7 Warning Signs of Porn Addiction:
Defensive or Reactive Attitude:
- Does he get angry or defensive about unexplained or recurring charges on your credit cards?
- Does he resent you interrupting his time on the computer?
- He gets angry when you try to discuss your love life.
- He’s defensive when asked about porn use.
- A request to stop looking at porn may be met with hostility, anger or denial.
Changes in Sexual Expectations or Preferences:
- Does he ask or insist that you to perform sexual acts outside your norm or make you uncomfortable, demand that you engage in very odd positions, or increasingly risky venues?
- Has his sexual appetite dramatically increased, decreased, or been lost altogether?
- Has he become emotionally distant, distracted, or not “present” during intercourse?
- Does he seem to have a change of desire such as in looking more intently at other women, younger women, or progressively younger women?
- Does it take more and more stimulation or aggression for him to get to orgasm.
- Has he been masturbating on a regular or increased basis, while at the same time lacks interest in sex or is sexually unresponsive?
Blame Shifting:
- Does he make you feel used or belittled sexually or criticize your performance?

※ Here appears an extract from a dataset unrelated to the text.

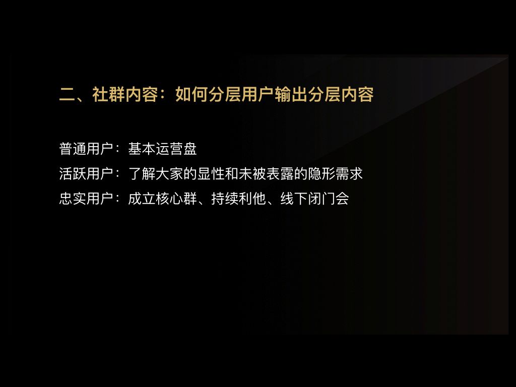 根据群主与用户的关系、用户活跃频次还有用户的属性(比如他究竟是初级/高阶/顶尖运营人),我们可以把社群中的用户分为普通用户、活跃用户和忠实用户三种,每种用户因为自己的属性还有和社群的亲疏关系,其所需要的内容是不一样的。下面我一个个来说,在我的基本盘里,我对普通用户、活跃用户、忠实用户,我分别提供了哪些内容价值。

- Is he blaming you for problems in the bedroom, or ignore you after he is finished with you?
- Does it take more and more stimulation or aggression for him to get to orgasm.
Increasing Isolation
- Demands for being alone on the computer, seeking more time to be alone, finding excuses not to go out with the family, spending more time in the bathroom, being secretive about his time. Spends an excessive amount of time on the computer, demands privacy and/or changing his bedtime ritual.
Changes in Energy Level:
- Does he seem excessively tired? He may be spending time on the computer while he should be asleep.
Suspicious Behavior.
- When the computer, does rush to type something on the keyboard when you come in? Does he clear the browser history frequently?
- Does your husband seem to be less focused than usual?
- Is he unable to complete tasks that he was able to before?
- Is he more irritable than usual? More withdrawn? Does he resent you interrupting his time on the computer?
- Does he have a private or secret email address or cellphone?
- You feel like you’re no longer getting straight answers.
- You feel like you’re no longer getting straight answers when you ask for explanations about why your love life has changed. He’s defensive when asked about porn use.
Changes in Mood
- You notice withdrawal (emotional distress) when he stops watching porn.
- Irritability increases without an obvious reason or trigger.
- Seems more energized or excited when anticipating alone time.
Inability to Stop
- Engages in high-risk behavior such as viewing porn at work, in social settings on his phone, or at libraries.
- He continues to use pornography despite warnings at work.
- Continues even when you tell him how you feel, even if you tell him you will leave him.
- Continues to view, even after he develops a severe sexual dysfunction, is overwhelmed with guilt or shame.